Data extract:
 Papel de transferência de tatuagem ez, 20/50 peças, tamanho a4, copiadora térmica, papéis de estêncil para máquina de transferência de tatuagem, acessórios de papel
--
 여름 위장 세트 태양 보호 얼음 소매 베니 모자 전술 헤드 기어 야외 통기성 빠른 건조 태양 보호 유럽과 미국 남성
---
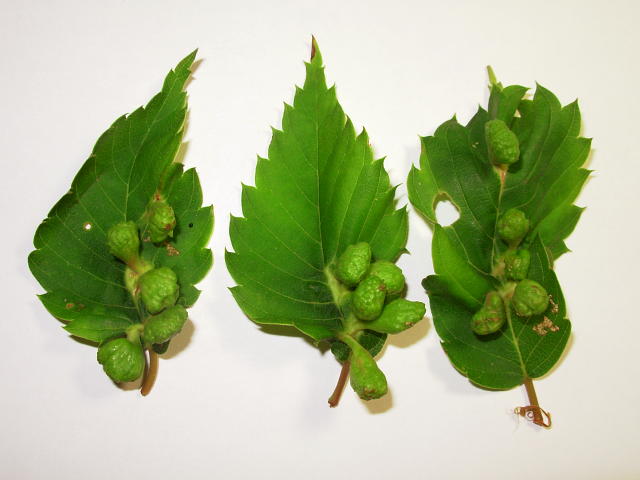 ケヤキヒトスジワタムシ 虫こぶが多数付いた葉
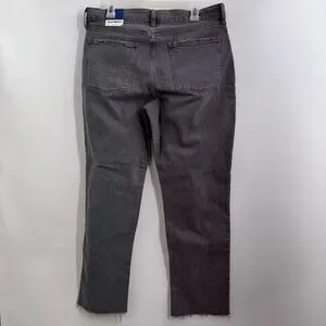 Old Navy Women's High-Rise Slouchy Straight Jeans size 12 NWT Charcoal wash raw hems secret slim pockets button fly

Problem statement: Above are records; write out the lines from the one with "ケヤキヒトスジワタムシ 虫こぶが多数付いた葉" down to the one with "Old Navy Women's", exactly, leaving the pictures out.

Completed task:
 ケヤキヒトスジワタムシ 虫こぶが多数付いた葉
 Old Navy Women's High-Rise Slouchy Straight Jeans size 12 NWT Charcoal wash raw hems secret slim pockets button fly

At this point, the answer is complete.